# Notebooks: Opinion sobre marcas



## pabloc16 (Jul 18, 2008)

Hola a todos, estoy por adquirir un equipo de estos y el tema esta en que no se con que marca quedarme. Si mi bolsillo se presta (  ) pienso comprarme una de marca reconocida y alli es donde entran uds; me gustaria saber que marca tienen o comprarian y por que, sus opiniones sobre temas como por ej calidad, duracion de la bateria, calidad de servicio tecnico  y todo aquello que crean conveniente acotar.

Muchas Gracias!


----------



## Chico3001 (Jul 18, 2008)

En lo personal me gustan mucho las Dell.. las configuras a tu medida en la pagina y te las mandan por mensajeria en 15 dias... se me descompuso la mia una vez durante garantia, hable y al dia siguiente tenia al tecnico con las piezas de recambio... las baterias tienen buena duracion y sobretodo no te la recargan con software que no usas... solo les ponen windows, los drivers de la computadora y una que otra utileria extra, y te dan el CD para que reinstales la compu cuantas veces quieras....

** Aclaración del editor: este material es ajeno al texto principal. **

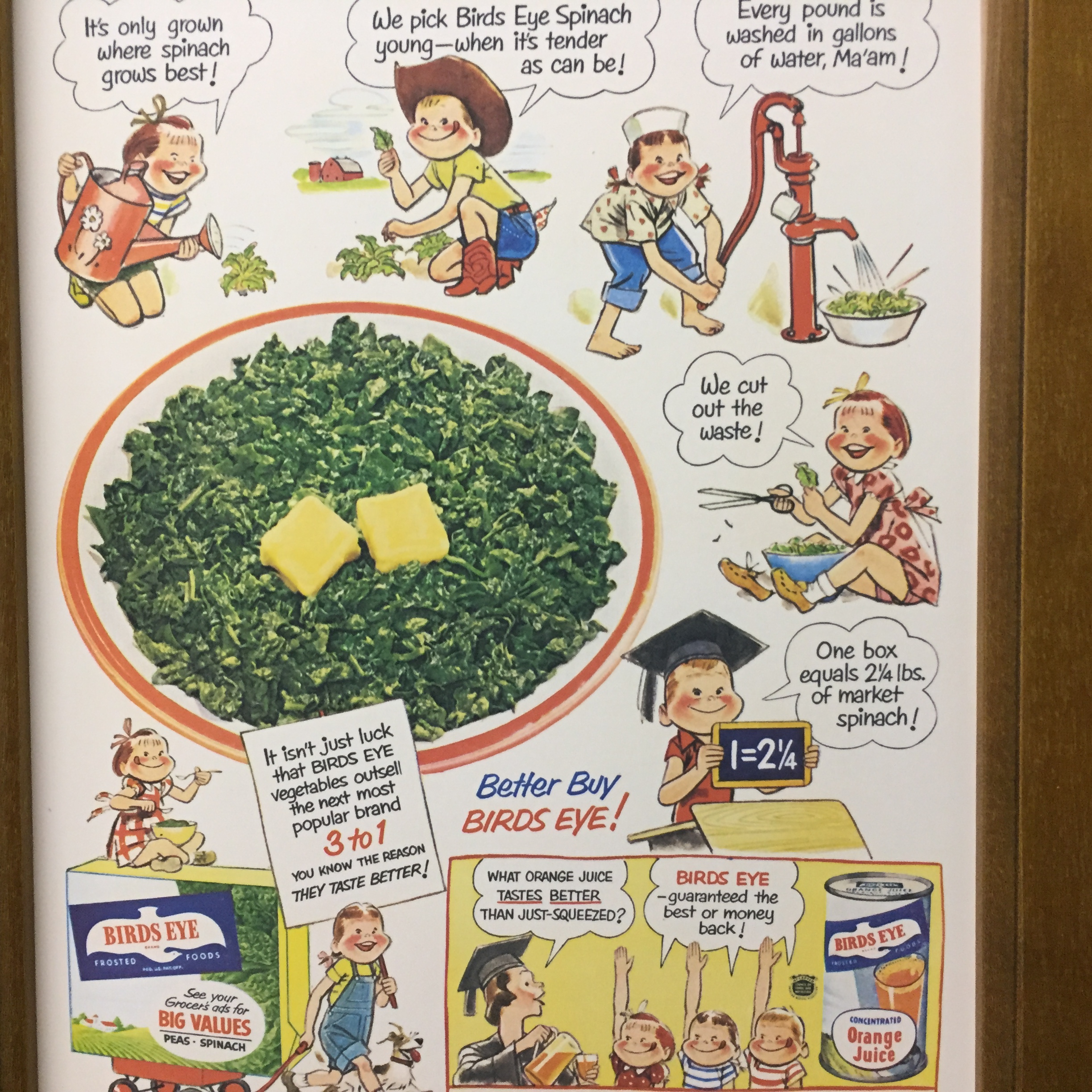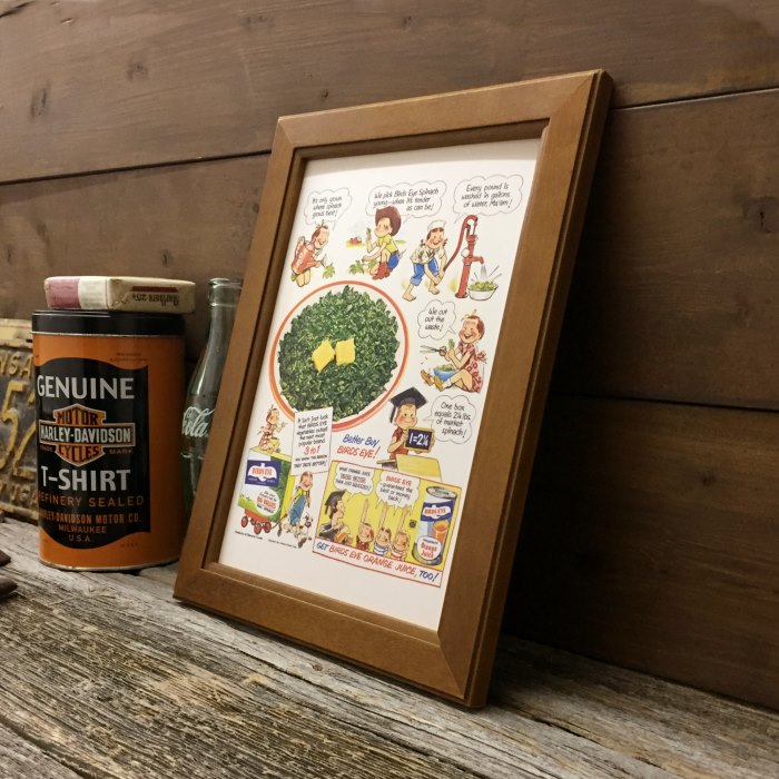 ミニポスター B5額入り 複製【 Birdseye / バードアイ ほうれん草缶詰 】

La otra que te recomiendo es Apple (tambien conocidas como Mac), son mas caras pero como ya usan Intel ya les puedes instalar Windows y corren con ambos sistemas... desafortunadamente son algo caras... pero una vez que las comienzas a usar ya no quieres saber mas de otra computadora...


----------



## pabloc16 (Jul 18, 2008)

ok gracias Chico3001 voy a tener en cuenta tu opinion


----------



## Elvic (Jul 19, 2008)

pues en realidad la marca de la computadora  no es lo importante desde mi punto de vista , porque en realidad las computadoras personales actuales están muy completas se cual sea la marca, el detalle es: que es lo que en verdad se necesita una computadora básica o un sistema muy elevado como para edición de vídeo, juegos 3D, procesamiento de datos nose infinidad de aplicaciones que un usuario común rara ves utilizaría.

Mas bien si uno tiene el gusto por comprase la computadora que este de moda, se la compra al fin de cuentas al cabo de 6 meses lanzaran otra,  con otras características o solamente con un accesorio mas, no lo se.
ahora que si se van por los servicios que ofrecen como garantía, soporte técnico,

si hago la pregunta

Cuantos de los que leen este mensaje han utilizado el soporte técnico de X compañía de computadoras para que les solucione un problema con su maquina _(ya funcionando por supuesto no vaya darse el caso que nueva no encendiera jaja __)_

yo en lo particular pienso que nadie, a menos que sea para conseguir alguna pieza original , pero no para preguntas como: porque no enciende el monitor? o porque el mouse no funciona? etc..

Pero en fin una  lo importante es el usuario sepa cuidar y aprovechar su computadora PC o mac  y seguramente le durara bastantes años, 
aun y cuando en esos pocos años salga software  que ya no sea compatible y por fuerza tengas que actualizar tu sistema..

Pero puedo mencionarte que dell o sony son buenas marcas (o mas conocidas como se quiera interpretar)
aunque dell, no te lo recomendaría del todo, por una mala experiencia que pase. (solo como comentario no va a salir aquí una discusión por esto )  

suerte


----------



## santiago (Jul 19, 2008)

y mira , por experiencia , las sony vaio, no te las recomiendo, (seguramente fue una mala experiencia en un millon, pero bueno), ahora tengo una oliveti, olibook, dual core, que mas que se la banca, hasta los juegos bastante pesaditos, andan de 10, el unico problema es el elevado consumo de bateria en la funcion alto rendimiento, que solucione comprando una bateria de mas duracion, me quedaron las 2 baterias , con lo que la carga me dura 10hs (entre las 2)
de mi consideracion, me quedo con mi confiable olivetti de armado nacional, y el soporte tecnico, y reparaciones , no me puedo quejar, por que los tecnicos, mas que macanudos, saben un monton de lo que hacen


saludos


----------



## pabloc16 (Jul 21, 2008)

Muchas gracias por sus opiniones muchachos, ahora estoy entre las siguientes marcas:  Acer, Toshiba o Bangho. Si alguien tiene una opinion sera bienvenida  
gracias!


----------